Lihat ke Halaman Asli

Lenin dan Kebusukan

Diperbarui: 24 Juni 2015   17:39

Kompasiana adalah platform blog. Konten ini menjadi tanggung jawab bloger dan tidak mewakili pandangan redaksi Kompas.

Sosbud. Sumber ilustrasi: KOMPAS.com/Pesona Indonesia

Lenin pernah bertanya kepada seorang rekannya: "Tahukah kau kebusukan terbesar?" Rekannya, Krzhizhanovsky, tak tahu. Maka jawab Lenin: "Yaitu berumur lebih dari 55 tahun."

Lenin sendiri tak sampai mencapai "kebusukan" itu. Ia mati umur 54. Tapi sesuatu yanh lebih busuk toh mulai menyeruak, beberapa saat setelah jasadnya dibalsem di musoleum: para wakilnya berebut kuasa untuk jadi orang No 1 di Uni Soviet yang baru berumur 7 tahun itu.

Persaingan bengis itu terjadi antara Zinonev, Trotsky, dan Stalin. Dalam salah satu "surat wasiat"-nya Lenin memang menyatakan bahwa "Stalin terlalu kasar," dan agar diganti dari jabatan Sekjen Partai. Namun sejarah membuktikan lain. Stalin-lah yang menang. Ia membuang Trotsky ke luar negeri dan kemudian membunuhnya. Ia menyeret Zinonev ke Pengadilan, bersama seluruh bekas pimpinan teras Partai Komunis semasa Lenin. Mereka dipaksa mengaku jadi spion asing, berkomplot membunuh para tokoh. Dan rakyat pun dikerahkan untuk berseru: "Tembak saja anjing-anjing gila itu!"

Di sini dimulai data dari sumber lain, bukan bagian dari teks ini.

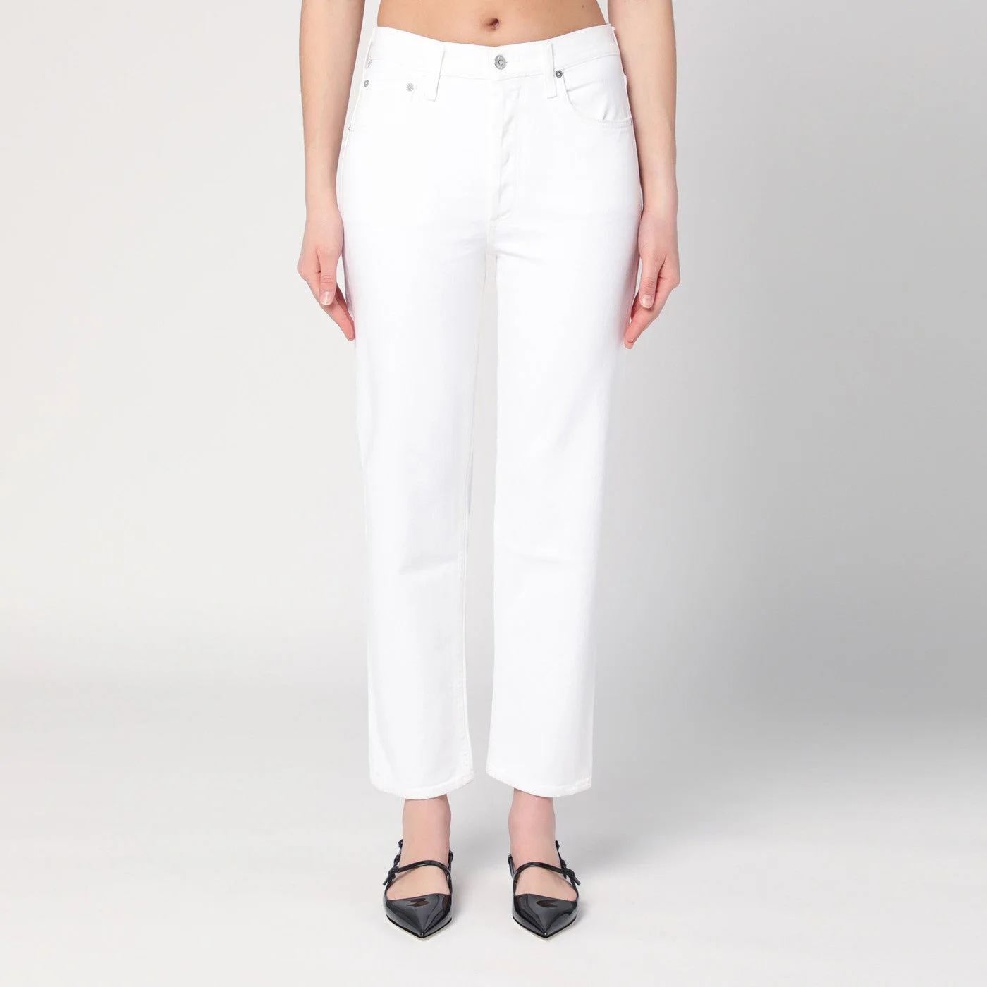 Citizens of Humanity jeans in white cotton denim featuring a front zip and button closure belt loops five classic pockets a back logo patch and a small logo tag.

Di RRC tak jauh beda. Kita boleh ingat akan sejarah. Baru sebulan setelah Mao mati, jandanya yang ambisius dituduh berkomplot. Mungkin benar. Tapi bisakah kita percaya bahwa kasak-kusuk, intrik, fitnah,
dan persengkongkolan rahasia hanya dilakukan oleh kaum radikal?

"Jangan berkomplot," begitu nasihat Mao sebelum meninggal. Munngkin ia percaya bahwa Partai Komunisnya punya mekanisme untuk mengatur peralihan kepemimpinan. Mekanisme itu memang ada: dalam pemerintahan
komunis, sang partai memang menyediakan kesempatan bagi sejumlah pemimpin teras untuk bebas mengeritik, memilih, dan dipilih. Mereka bukan bawahan si pemimpin yang sedang berkuasa. Itulah sebabnya tokoh No 1 seperti Khruschev di Uni Soviet bisa diturunkan tanpa kekerasan. Di Vietnam, Paman Ho Chi-minh juga bisa digantikan sonder heboh.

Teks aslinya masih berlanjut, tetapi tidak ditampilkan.